Aiming at the defects in the prior art, the object of the present invention is to provide a vacuum furnace body structure that can flexibly change configuration functions.

The technical scheme adopted in the present invention is:

The vacuum furnace body structure that can flexibly change the configuration function includes a vacuum furnace body with a coating chamber, and the vacuum furnace body is a rectangular parallelepiped structure, which includes a first side, a second side, and a third side that are oppositely arranged and the fourth side, the fifth side and the sixth side; the first side is provided with a feed port communicated with the coating cavity, and the second side is provided with the coating cavity and communicated with the coating cavity The discharge port corresponding to the feed port; the third side and the fourth side, the fifth side and the sixth side are respectively provided with a plurality of target installation ports corresponding to each other; the fifth side is provided with a plurality of Vacuum pump interface.

Further, multiple functional interfaces are provided on the fifth side and the sixth side.

Further, the functional interface is one or more of a columnar heating tube interface, a high-pressure cleaning rod interface or an ion source interface.

Further, a plurality of observation ports are opened on the third side and the fourth side.

Further, both the feed inlet and the discharge outlet are vertically arranged rectangular structures.

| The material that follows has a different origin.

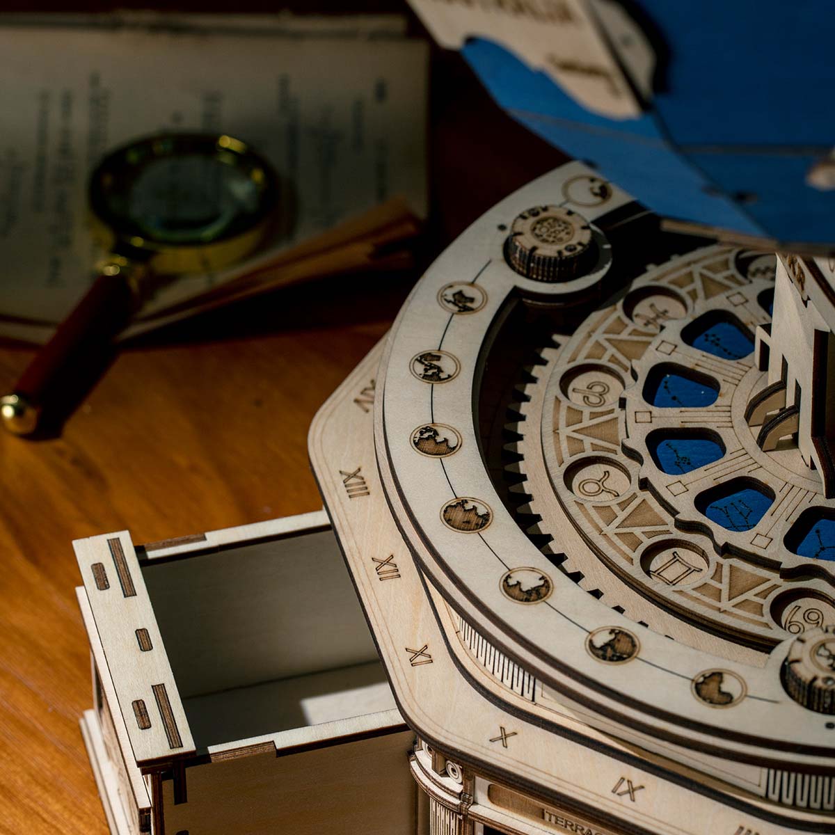Robotime-ROKR The Globe ST002 is a huge classic-style wooden globe model from the Curious Discovery Series. Its beautifully designed structure is sturdy enough and also rotatable. It also has a secret drawer that needs to encode the constellation lock. It will definitely be a big challenge to your hands & mind! Enjoy a wonderful self-assembling experience with this ROKR 3D wooden puzzle!

Further, a plurality of reinforcement blocks are fixed on the third side, the fourth side, the fifth side or/and the sixth side, and each reinforcement block is provided with at least one through hole or/and notch.

Further, the outer wall of the third side, the fourth side, the fifth side or/and the sixth side is provided with a groove for fixing the hose, and the groove is arranged in a serpentine shape.

Further, the tank body is formed by U-shaped stainless steel fixed on the outer wall of the third side, the fourth side, the fifth side or/and the sixth side.

Additional aspects and advantages of the application will be set forth in part in the description which follows, and in part will be obvious from the description, or may be learned by practice of the application.

Description of drawings

In order to more clearly illustrate the specific embodiments of the present invention or the technical solutions in the prior art, the following will briefly introduce the drawings that need to be used in the description of the specific embodiments or the prior art. Throughout the drawings, similar elements or parts are generally identified by similar reference numerals. In the drawings, elements or parts are not necessarily drawn in actual scale.

Fig. 1 is a schematic diagram of the structure of a vacuum furnace that can flexibly change configuration functions provided by the embodiment of the present application.

Among them, the second side 1, the discharge port 2, the fifth side 3, the vacuum pump interface 4, the target installation port 5, the functional interface 6, the observation port 7, the reinforcement block 8, the third side 9, and the tank body 10.

Detailed ways

Embodiments of the technical solutions of the present invention will be described in detail below in conjunction with specific embodiments. The following examples are only used to illustrate the technical solutions of the present invention more clearly, and therefore are only examples, rather than limiting the protection scope of the present invention.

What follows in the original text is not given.